Considering the above problems, this study chooses the edge grade as base for the simulation, aiming to explore the influence of the ratio of common items and the separation of grade distributions on the precision of vertical scaling, in an attempt to give feasible suggestions for the practice and promotion of vertical scaling.

Methods

Construction Methods

Vertical scaling construction includes three major steps. First of all, calculate the raw score or estimate the ability parameters of candidates on the test. Secondly, which is the most key step, the raw score of each grade is converted to a same scale for comparison. Finally, form a developmental scale by giving interpretations to the scale scores.

In second step, there are three main methods for score conversion, the Thurstone method (Thurstone, 1925, 1938), the Hieronymus method (Peterson et al., 1989), and the IRT method (Meng & Xin, 2014). Compared with the former two methods using the original score, the IRT method uses the item response mode of the candidates of different grades to estimate the ability parameters and item parameters, and then the parameters are converted to the same scale after parameter calibration. In the IRT method, the candidate’s ability parameters and item parameters are independent of the sample.
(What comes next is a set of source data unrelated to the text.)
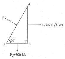 그림과 같은 삼각형 물체에 작용하는 힘 P1, P2를 AC면에 수직한 방향의 성분으로 변환할 경우 힘 p의 크기는?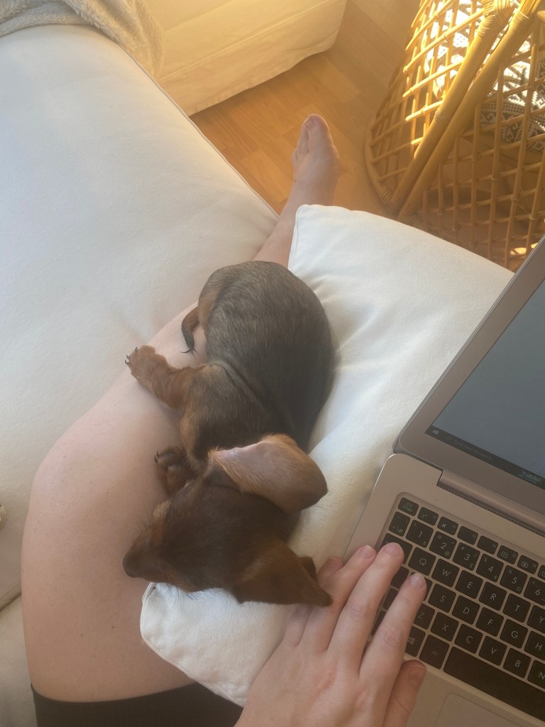 I pet sat my landlord/one of my bosses’ new puppy, it had been in the vet clinic suspected of marijuana toxicosis and they were very worried about leaving him with their 15-year old for the weekend, so I offered to take care of him and at one point this is how we spent a few hours.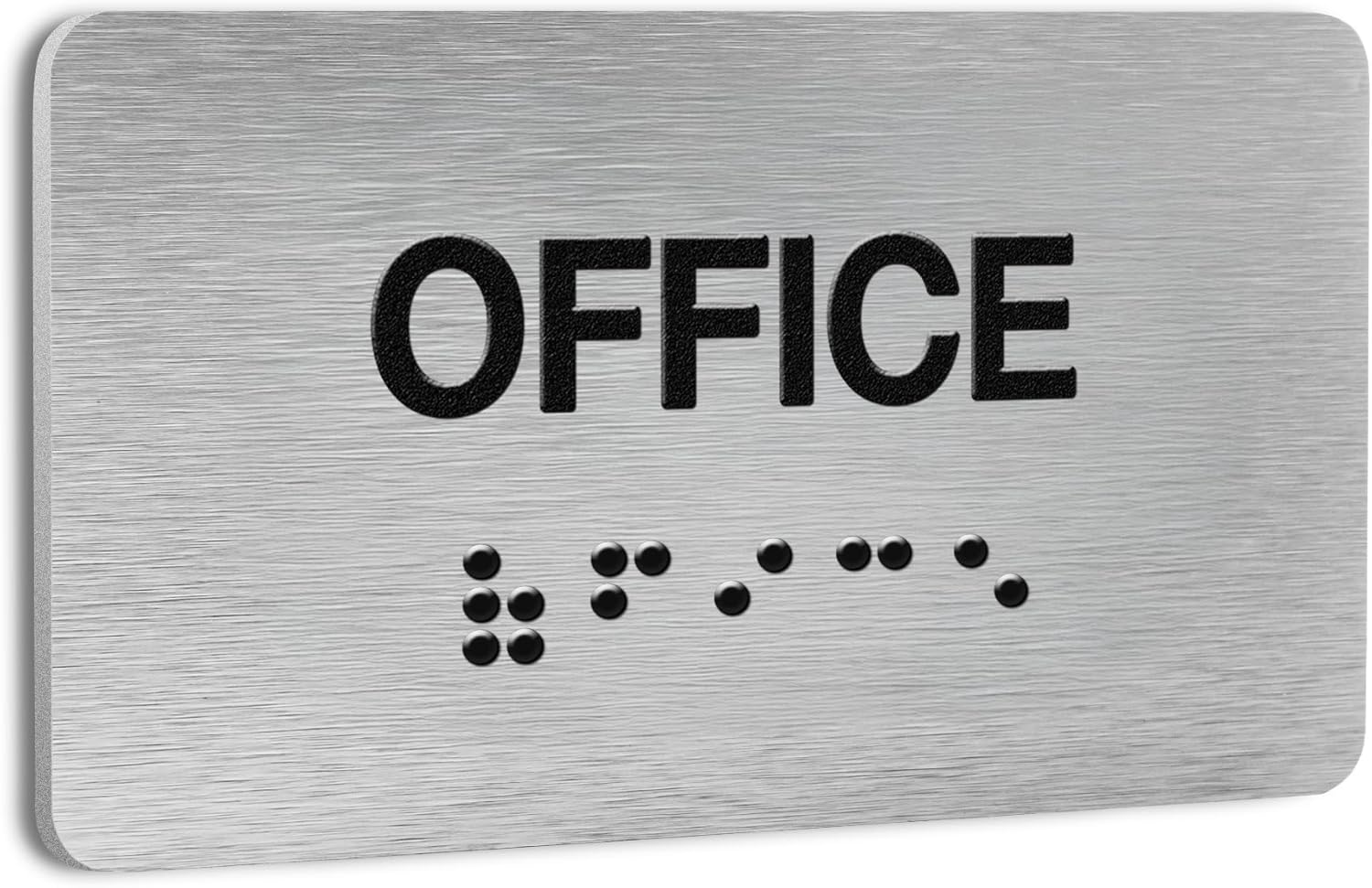 Office Signs for Business and Office, ADA Signs with Raised Text & Grade 2 Braille, Easy Installation with Adhesive Pad – Brushed Aluminum/Silver

Due to its unique advantages, the IRT method has become the major method for the construction of vertical equating scales (Tong & Kolen, 2007). The IRT-based parameter estimation method can be further divided into concurrent calibration and separate calibration. Practically, concurrent calibration is more convenient to implement because only one operation is needed relatively. Under the circumstance of satisfying the strong assumptions of the IRT theory, the concurrent calibration results are more robust than the separation calibration; otherwise, the separation calibration are better (Béguin & Hansone, 2001; Béguin et al., 2000; Hanson & Beguin, 2002). Therefore, concurrent calibration method was chosen in this simulation study.

Research Design

In this study, we compared various combinations using Monte Carlo simulation. Four grade level tests were administered to first to fourth grade students. Each test contained 100 dichotomous items, and the number of students in each grade was 1,000. We used the common-item design allowing a number of common items to exist between any two adjacent grades. We compare the influence of different anchor items’ proportion and separation of grade distributions on the bias and RMSE value of different grade tests. This study was a 3 × 3 between-subject design and each occasion was repeated 300 times. The independent variable is effect size (ES), which is divided into three levels of 0.5, 1.0, and 1.5 (Student, 2022). Another one is common-item ratio which is divided into three levels of 15%, 30%, and 45%.

Research Instrument

Use R 4.2.2 software to simulate data, item parameters, ability parameters, and response matrix. The BILOG-MG 3.0 software is used to estimate the parameters of the data response matrix, and the equating method used is the simultaneous calibration method (Yildirim, 2014).

Simulation Study

Simulation Design

First grade (lower grade) was chosen as basic reference. Setting 100 items in four grades respectively and 1,000 subjects in each grade, we assume the variation and the degree of separation of distributions between grades are consistent. The separation of distributions in adjacent grades is measured by the effect size (Yen, 1986). It is defined as:

effect size = \frac{\hat{μ} {(Y)}_{upper} - \hat{μ} {(Y)}_{lower}}{\sqrt{\frac{{\hat{σ}}^{2} {(Y)}_{upper} + {\hat{σ}}^{2} {(Y)}_{lower}}{2}}}

(1)

Where $\hat{μ} {(Y)}_{upper}$ and ${\hat{σ}}^{2} {(Y)}_{upper}$ are mean and variance of upper grade, $\hat{μ} {(Y)}_{lower}$ and ${\hat{σ}}^{2} {(Y)}_{lower}$ are mean and variance of lower grade.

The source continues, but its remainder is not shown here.